While waiting in line at Cochrane Coffee Traders last week, we got to chatting about listening.  

“Listening is transformative,” he said. “To really listen may require us to make changes.”

To illustrate his point, he referred to the Christmas Truce. Here were warriors who chose to really listen to the songs in each other’s heart that holy night, he said, and they were transformed – for a while, at least.

“How about writing your Christmas column about this?” he asked. And lawyer Richard Fercho, my coffee companion at a nearby table with whom I’d been discussing the beauty of listening, agreed. And so I am.

When I later described this conversation to U of C religious studies professor Anne Moore, of Cochrane, she directed me to Christian Carion’s award-winning 2005 French film Joyeux Noël, “Merry Christmas.”

Carion depicts the Christmas Truce through the eyes of French, Scottish and German soldiers, and provides a powerful visual and dramatic counterpart to McCutcheon’s ballad.

An important figure for me in the film is Palmer, a Scottish priest who also served as a stretcher-bearer at the front.

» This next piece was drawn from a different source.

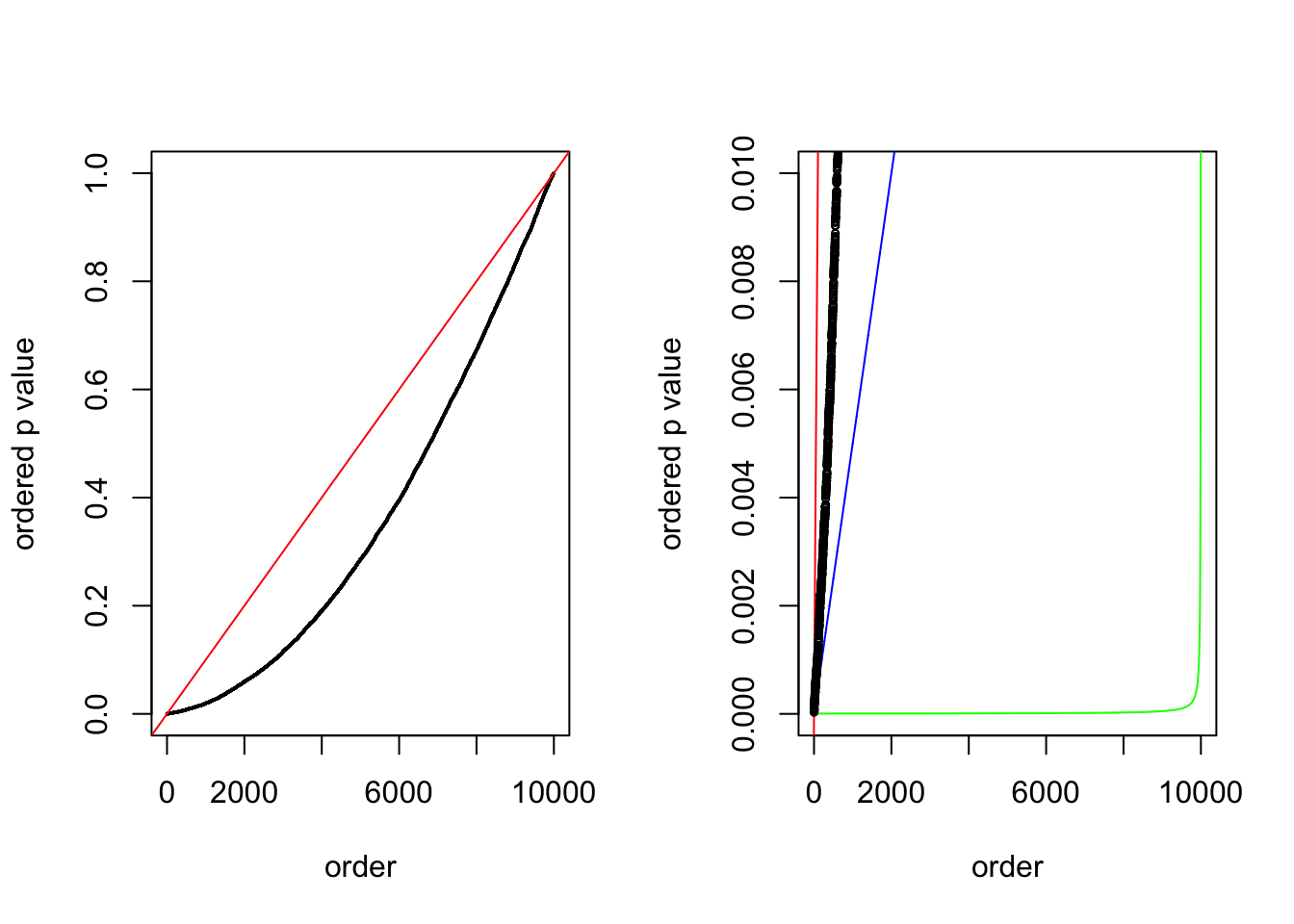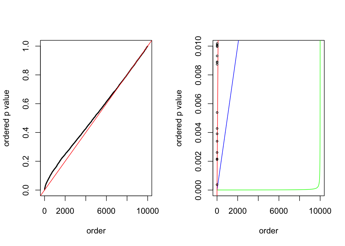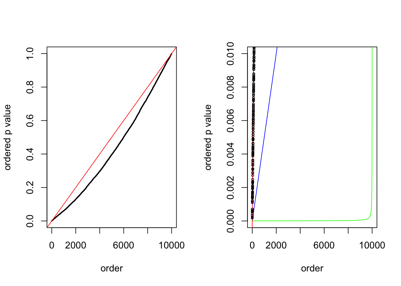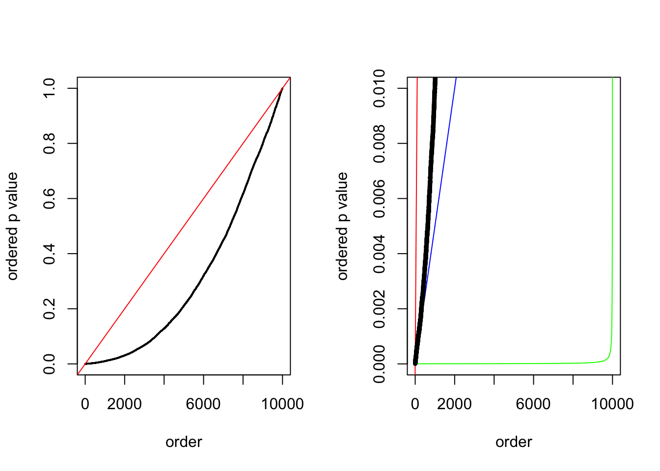 Here we plot \(10\) data sets. For each data set the left plots the ordered \(p\) values on the whole, and the right plot takes a look at the most extreme ones, as well as the critical values in Benjamini-Hochberg’s FDR (green) and Hochberg’s FWER (blue).

Moved by the peace that took over the battlefield that night and continued into Christmas Day, Father Palmer celebrated Mass for all those gathered in No Man’s Land – Scottish, French and German alike.

This didn’t sit well with his bishop, who some time later arrived at the front to chastise his misguided priest.

But Palmer responds: “I sincerely believe our Lord Jesus Christ came to me in what was the most important Mass of my life. I tried to be true to His trust and carry His message to all, whoever they may be.”

For the past few days, I’ve been thinking a lot about lessons from the Christmas Truce in the light of current world events – and in particular, in the light of escalating global inter-religious tensions.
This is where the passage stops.